2020 has seen a lot of metal bands return after lengthy hiatuses, including Salt Lake City’s Yaotl Mictlan who has returned nearly a decade after their last release. Formed back in 1998, this band has written black metal that incorporated elements of the Mexica and Mayan heritage of its members, giving their music some familiar elements but ultimately pushing off in its own direction. In the ten years that have passed since they last put out material a similar fusion of these musical ideas have come into greater prominence thanks to the bands associated with the Black Twilight Circle and the re-emergence of Xibalba Itzaes, making Yaotl Mictlan’s comeback effort Sagrada tierra del jaguar likely to grab listeners’ attention. With an even greater focus on powerful, enveloping atmosphere and twisting riffs that have a hypnotic effect, it’s clear that the long gap has been well utilized.
If you’re familiar with either of the group’s previous full lengths or their demo, one element you’ll be looking for on Sagrada tierra del jaguar is the use of traditional pre-Hispanic instruments and right from the start of “Entre lluvias Fuertes” you’re greeted with these elements. The initial build-up of this song feels like it immediately transports you to an entirely different time and place, and there’s a mystical and hypnotic quality to the instrumentation that the group utilizes for the entirety of the album. Unlike some of the other metal bands out there that have incorporated traditional instrumentation from their cultural heritages, Yaotl Mictlan seamlessly integrates these elements into their songs and rather than being utilized merely as interludes or intros they feel like they’ve been woven into the fabric of each piece alongside the guitar, bass, and drums. This enhances the sheer amount of atmosphere the material is able to generate, and the further into the album you get the more powerful and entrancing the arrangements seem to get. The biggest change Sagrada tierra del jaguar has over its predecessors is the more fluid nature of the songwriting, which seems to be centered around even more epic and intense climaxes than before and can provide more twists and turns than ever before. “Coatlique” gives an early example of Yaotl Mictlan’s ability to transform early in the album, as it starts off with a methodical cadence and sweeping melodies that give way to a stunning whirlwind of blasting and swirling melodies that feel like they’re sending you off to battle by the end. The fluidity of some of the tracks gave off some hints of Negative Plane at times and the sheer power of the build-ups reminded me of recent USBM artists like Sanguine Eagle, but this group retains an identity of their own and the songwriting consistently keeps you firmly under its grasp. My only complaint is the almost eleven minute closer “Sombra del Mictlan” felt just a bit dragged out but given the staying power of the other tracks this doesn’t hurt the listening experience too much.

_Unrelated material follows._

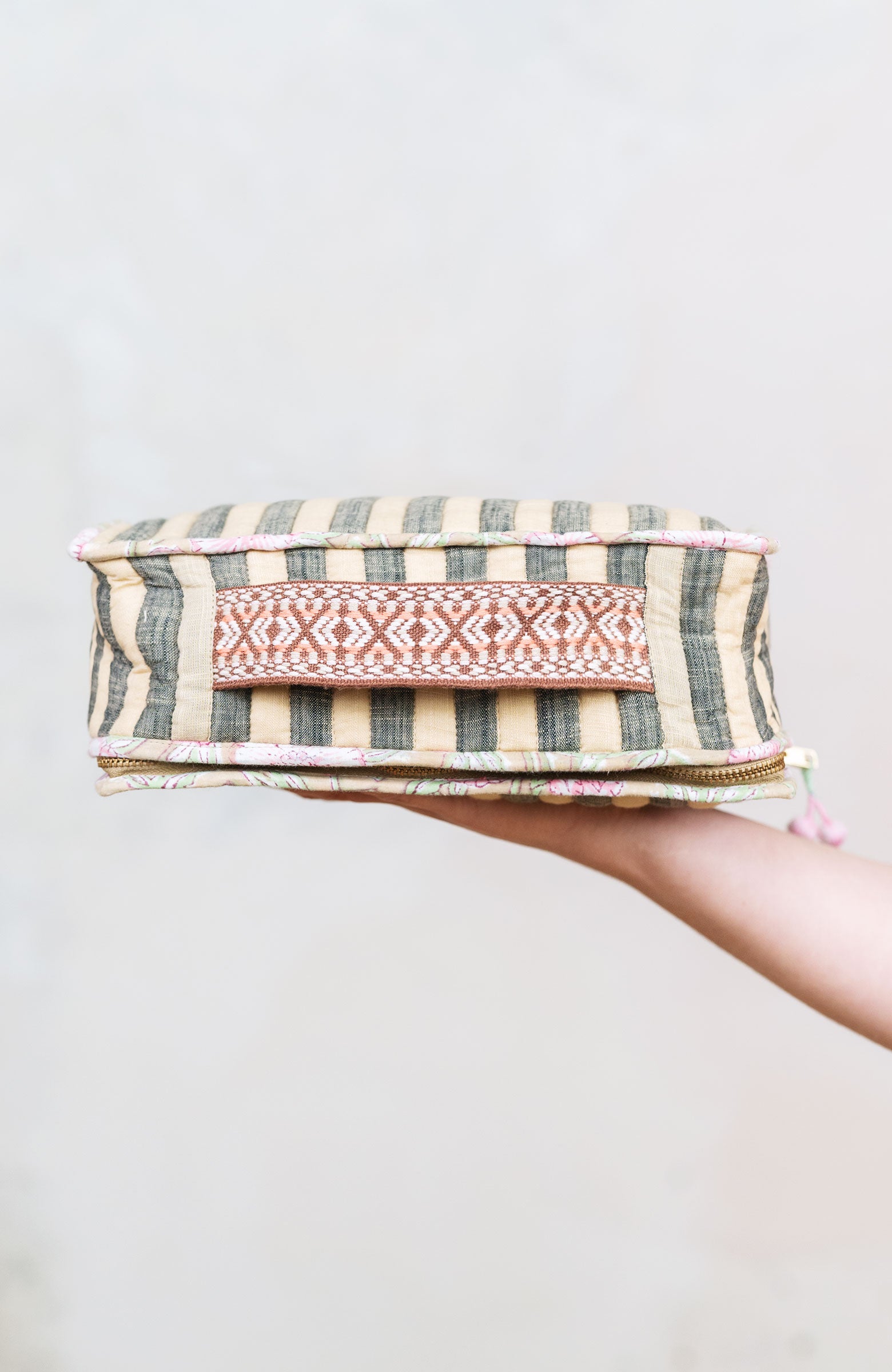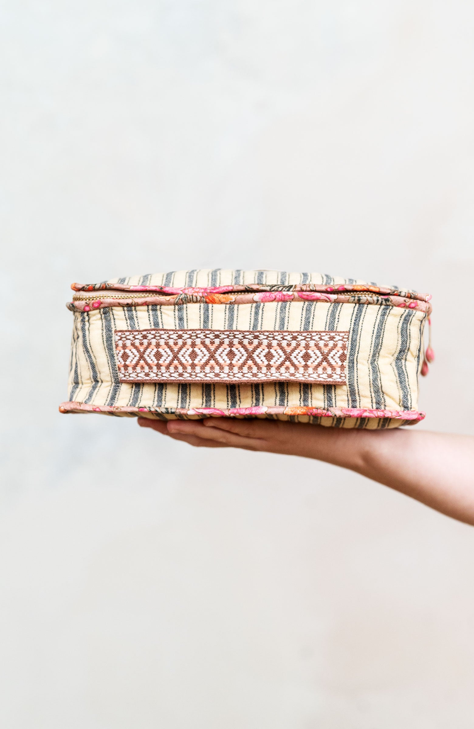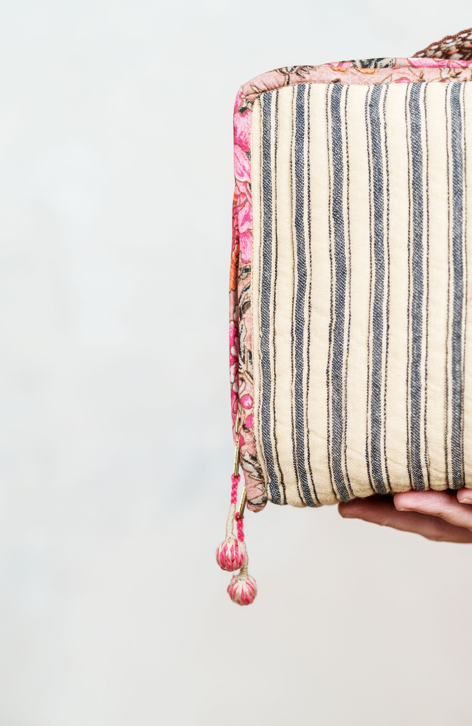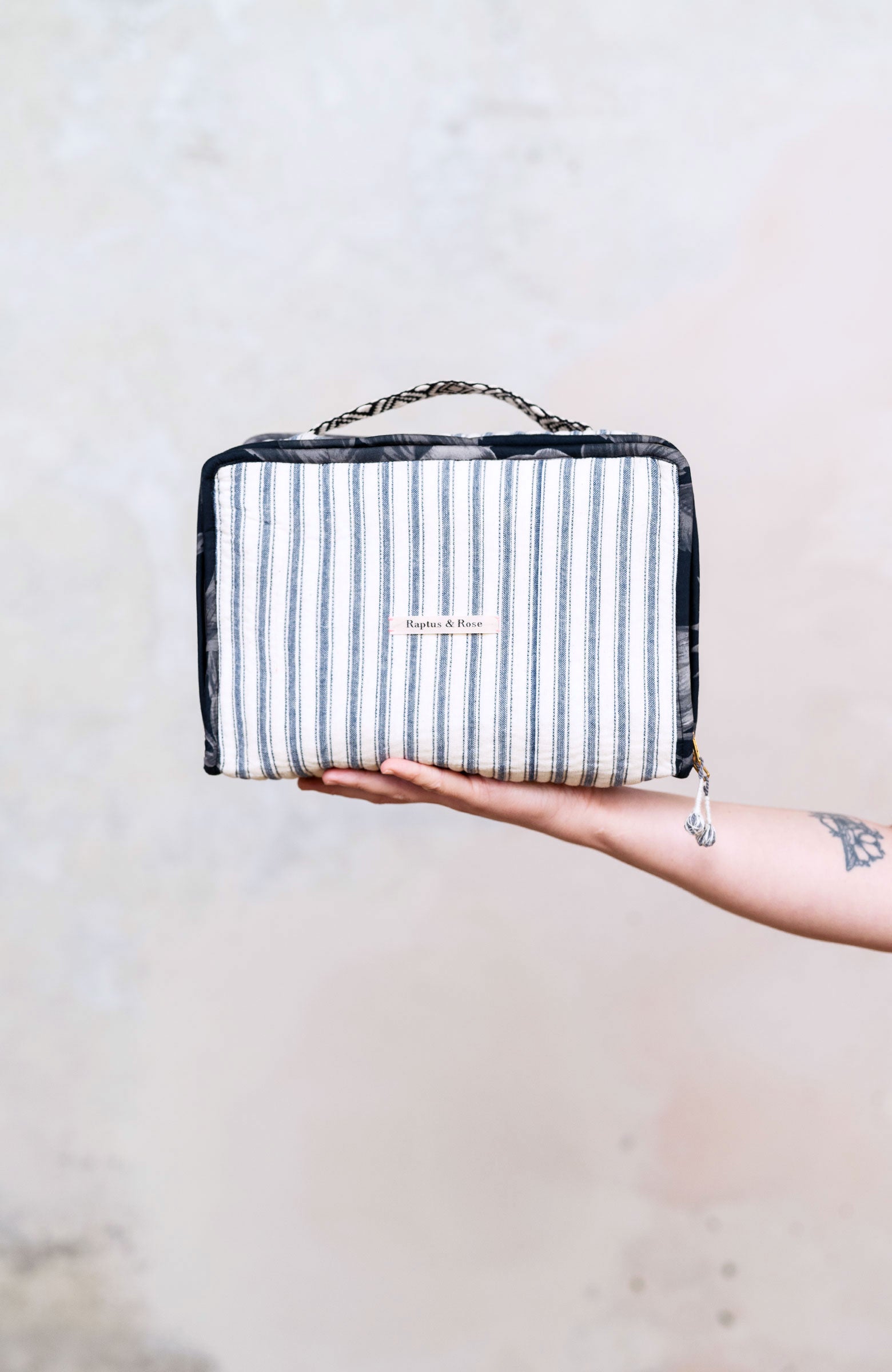 Una valigetta? Un beauty?Entrambi.Il Raptus Case è uno scrigno di cotone.Due tessuti: righe fuori e …

The vocals could’ve easily just stuck with abrasive screaming for the entire album and it would’ve fit the approach Yaotl Mictlan was going for, but instead they are much more dynamic and offer almost as many twists and turns as the instrumentation. On “Entre lluvias Fuertes” you’re greeted with raspy screams that remind me a bit of Ihsahn, but there are back-up vocals that are lower in pitch, and while these styles are the most prominent throughout the album you’ll find spoken word, chants, and all sorts of other harsh vocal ranges. Black metal’s often a genre where a band’s vocals settle into a single harsh scream or growl and doesn’t deviate from them, but there are a lot of subtle changes from one song to the next on Sagrada tierra del jaguar that give it additional depth. It’s a testament to the band’s craft that every aspect of their music can immerse you into ancient traditions and helps to further set them apart.
Yaotl Mictlan’s second album Dentro del manto gris de Chaac made an impression on me in 2010, and I’ve found myself thinking of this band in the years since and wondering when they’d resurface. It may have taken a decade for that to happen, but they’ve progressed in leaps and bounds with instrumentation that’s powerful and hypnotic in equal capacity. The more fluid nature of the songwriting results in multiple peaks that are genuinely stunning, and while there are still a handful of moments that feel a bit too stretched out this is easily still the band’s strongest showing to date. Set some time aside for this album and prepare to be swept away, as it has a lot to offer. Sagrada tierra del jaguaris available from American Line Productions.